Les agents pathogènes fongiques mutent dangereusement à mesure que le monde se réchauffe
Comme dans un scénario post-apocalyptique cauchemardesque, la hausse des températures provoque des mutations chez les champignons qui les rendent non seulement hyperinfectieux mais également résistants aux médicaments.
C’est une situation extrêmement préoccupante à l’heure où notre planète se réchauffe, préviennent Jingjing Huang, chercheur à l’Université médicale de Nanjing, et ses collègues.
« On pense que le danger et l’importance des nouveaux agents pathogènes fongiques sont sérieusement sous-estimés », écrivent -ils dans leur nouvel article.
« La mutagenèse dépendante de la température peut permettre le développement d’une résistance aux médicaments et d’une hypervirulence chez les champignons, et soutenir l’idée que le réchauffement climatique peut favoriser l’évolution de nouveaux agents pathogènes fongiques. »
Les infections fongiques provoquent déjà environ 3,75 millions de décès par an, bien que la plupart des espèces préfèrent des températures beaucoup plus basses que celles trouvées dans notre corps.
Mais des recherches antérieures suggèrent que forcer les champignons à s’adapter à des environnements plus chauds peut complètement modifier leur physiologie .
Les scientifiques ont récemment identifié le premier champignon connu susceptible d’être apparu comme pathogène en raison du changement climatique : Candida auris . À mesure que d’autres champignons deviennent plus tolérants à la chaleur, comme on pense que C. auris l’a fait, de plus en plus d’espèces trouveront dans le corps des mammifères un abri protecteur tentant dans lequel elles pourront s’épanouir.
En parcourant les dossiers d’infections fongiques de 96 hôpitaux en Chine entre 2009 et 2019, Huang et son équipe ont identifié un groupe de champignons qui n’avaient jamais été observés auparavant chez l’homme. Rhodosporidiobolus est apparu indépendamment dans deux cas sans rapport.
La souche NJ103 a été isolée chez un homme immunodéprimé de 61 ans, décédé d’une défaillance multiviscérale malgré des traitements antifongiques au fluconazole et à la caspofungine. La souche TZ579 a été isolée chez un homme de 85 ans décédé d’une insuffisance respiratoire après un traitement au fluconazole.

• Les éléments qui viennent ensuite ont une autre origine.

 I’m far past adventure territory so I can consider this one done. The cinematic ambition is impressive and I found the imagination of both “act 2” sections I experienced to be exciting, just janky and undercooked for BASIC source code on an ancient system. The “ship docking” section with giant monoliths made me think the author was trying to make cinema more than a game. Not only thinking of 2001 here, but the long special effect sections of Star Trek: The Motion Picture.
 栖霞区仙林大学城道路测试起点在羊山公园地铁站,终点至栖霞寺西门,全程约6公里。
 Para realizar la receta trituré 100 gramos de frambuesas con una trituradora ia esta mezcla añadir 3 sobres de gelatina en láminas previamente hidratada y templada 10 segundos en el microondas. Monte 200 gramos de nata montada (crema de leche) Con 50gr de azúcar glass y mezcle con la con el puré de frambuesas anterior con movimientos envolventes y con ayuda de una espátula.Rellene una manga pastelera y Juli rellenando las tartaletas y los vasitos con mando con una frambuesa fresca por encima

En incluant ces deux souches et d’autres provenant de sources environnementales, les chercheurs ont isolé huit espèces différentes de Rhodosporidiobolus et les ont exposées à la température moyenne du corps humain de 37 °C (98,6 °F) en laboratoire. Les espèces R. fluvialis et R. nylandii ont toutes deux bien toléré la chaleur – chez R. fluvialis , l’environnement chaud a même déclenché le passage d’une forme de levure unicellulaire à une phase pseudohyphale coloniale plus agressive.

Souches de Rhodosporidiobolus cultivées à 37 °C pendant 2 jours, formant des colonies. (Huang et al., Nature Microbiologie, 2024)

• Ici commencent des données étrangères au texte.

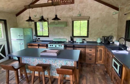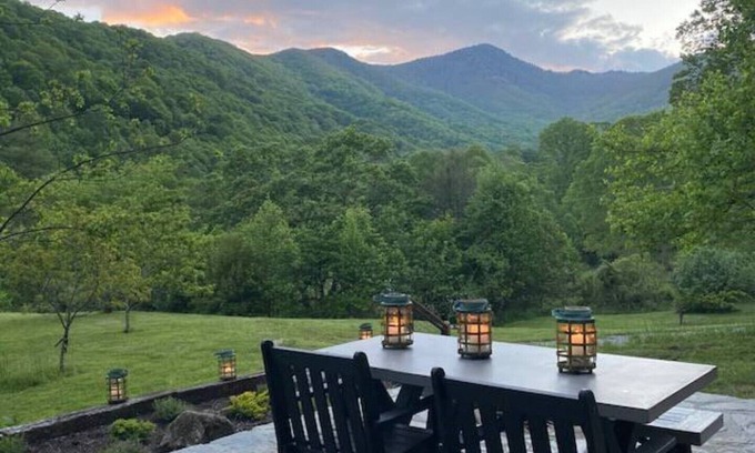 Custom reclaimed wood furniture and a custom built Murphy bed with a queen-size memory foam mattress are crafted by local artisans. There is a queen-size leather sofa-bed for additional sleeping capacity. There are French doors that open to a large covered front porch overlooking the majestic mountains as well as a patio with a hot tub and fire pit for relaxing and star gazing. There are virtually no mosquitoes or biting insects here which makes it so pleasant to sit outside on the porch and read your favorite book, enjoy a candlelight dinner on the patio, or count the fireflies and stars. You can enjoy the quaint shops in downtown Waynesville and Asheville or take off exploring the outdoor wonders of the Great Smoky Mountain National Park.
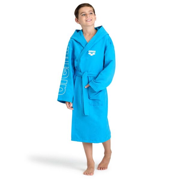 Αυτό το παιδικό μπουρνούζι από την arena θα αποτελέσει το απόλυτο αξεσουάρ των μικρών αθλητών στο κολυμβητηρίο και την παραλία.Κατασκευασμένο από μαλακό και ελαφρύ ύφασμα μικροϊνών που στεγνώνει γρήγορα.
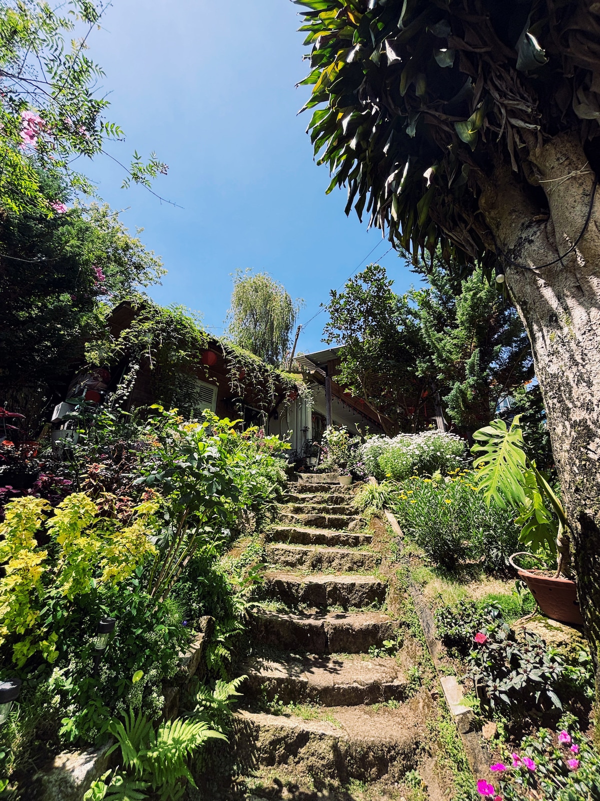 The wooden house is located in a lovely garden beside a stream closed King Palace 2 hill. It's in the heart of Dalat, less than 1km from the city Square, harmony with nature and the sound of frogs and streams at night. Enjoy a cup of coffee under sunlight in the morning, watch the koi fish in the ponds, pick some fresh vegetables for lunch, kick off an outdoor BBQ for evening, or simply lay back by the fireplace with your wine =). What a life!

Les deux espèces ont prospéré de la même manière lorsqu’elles ont été injectées à des souris.
Sous sa forme pseudohyphale, R. fluvialis non seulement prospérait dans des conditions plus chaudes, mais était plus résistant aux cellules macrophages immunitaires, tuant davantage d’entre elles plutôt que d’être tuées par elles. R. fluvialis et R. nylandii sont également résistants à trois des médicaments antifongiques les plus couramment utilisés : le fluconazole, la caspofungine et l’amphotéricine B.
« R. fluvialis est sensible à la 5-fluorocytosine. Cependant, nous avons constaté que R. fluvialis était capable de générer rapidement des mutants résistants à la 5-fluorocytosine », expliquent les chercheurs. « La vitesse à laquelle R. fluvialis est devenue totalement résistante est remarquable. »
Huang et ses collègues ont découvert une substance à laquelle le Rhodosporidiobolus ne semblait pas s’adapter aussi facilement : la polymyxine B , un bactéricide approuvé par la FDA. Malheureusement, ce médicament est toxique pour les neurones et les cellules rénales.
À mesure que les températures mondiales se réchauffent, ces changements morphologiques pourraient augmenter notre risque de rencontrer des champignons dangereux à l’avenir. Davantage d’options de fongicides sont nécessaires de toute urgence.
Cette recherche a été publiée dans Nature Microbiology.